Director: Rufus Norris
Writer: William Shakespeare
Cast: Rory Kinnnear, Anne-Marie Duff, Kevin Harvey, Stephen Boxer, Trevor Fox, Hannah Hutch, Anna-Maria Nabirye, Beatrice Scirocchi, Parth Thakerar, Patrick O’Kane,
Seen on: 10.5.2018
[Here are my reviews of other takes on Macbeth.]

Macbeth (Rory Kinnear) and Banquo (Kevin Harvey) just fought successfully for King Duncan (Stephen Boxer) and are finally on their way home. In the woods, they meet three witches who predict, among other things, that Macbeth will become King. Spurred on by that prophecy and uncontent to just wait for it to come true, Macbeth and his wife (Anne-Marie Duff) hatch the plan to help things along when Duncan comes to visit. But murder comes with moral consequences – and it might not be the only thing necessary to make Macbeth King.

This version of Macbeth has its strong moments and I have definitely seen worse productions, but I’ve also seen better.

They did some trimming of Shakespeare’s play, which is definitely not a mistake. Nevertheless, it did take a while to find its groove. As it goes with that kind of thing, I did end up missing a few things that were cut. In particular, I felt that Lady Macbeth got kind of lost in this version of the play. Of course, I can’t say for certain if it was the cuts or the directing (I don’t think it was Duff’s performance), but I wanted to see more of Lady Macbeth.

Kinnear was a great Macbeth and manages to be very present. But my personal favorite in this production was Patrick O’Kane as Macduff. For me, he really cut to the heart of the character and his performance was beautiful to watch.

The stage design was okay, but didn’t blow me away. The play was at its strongest when it cut a little loose and leaned into the fantastical elements of the story, like when it uses the masks. Or when it features the Witches who were really awesome.

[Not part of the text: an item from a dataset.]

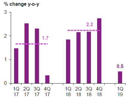 Показатель роста ВВП в первой четверти 2019 года оказался ниже, чем прогнозировало министерство экономического развития — 0.8%.

They made all kinds of creepy sounds (must have been exhausting for the actresses) and it worked very well.

Ultimately, though, the production falls just short of the mark, despite its good qualities. Maybe it would have worked better if it had been longer since I’d last seen a production of Macbeth (although I say that given the complete absence of a countdown in this production, it was the better of the two), but as is, it just left me shrugging.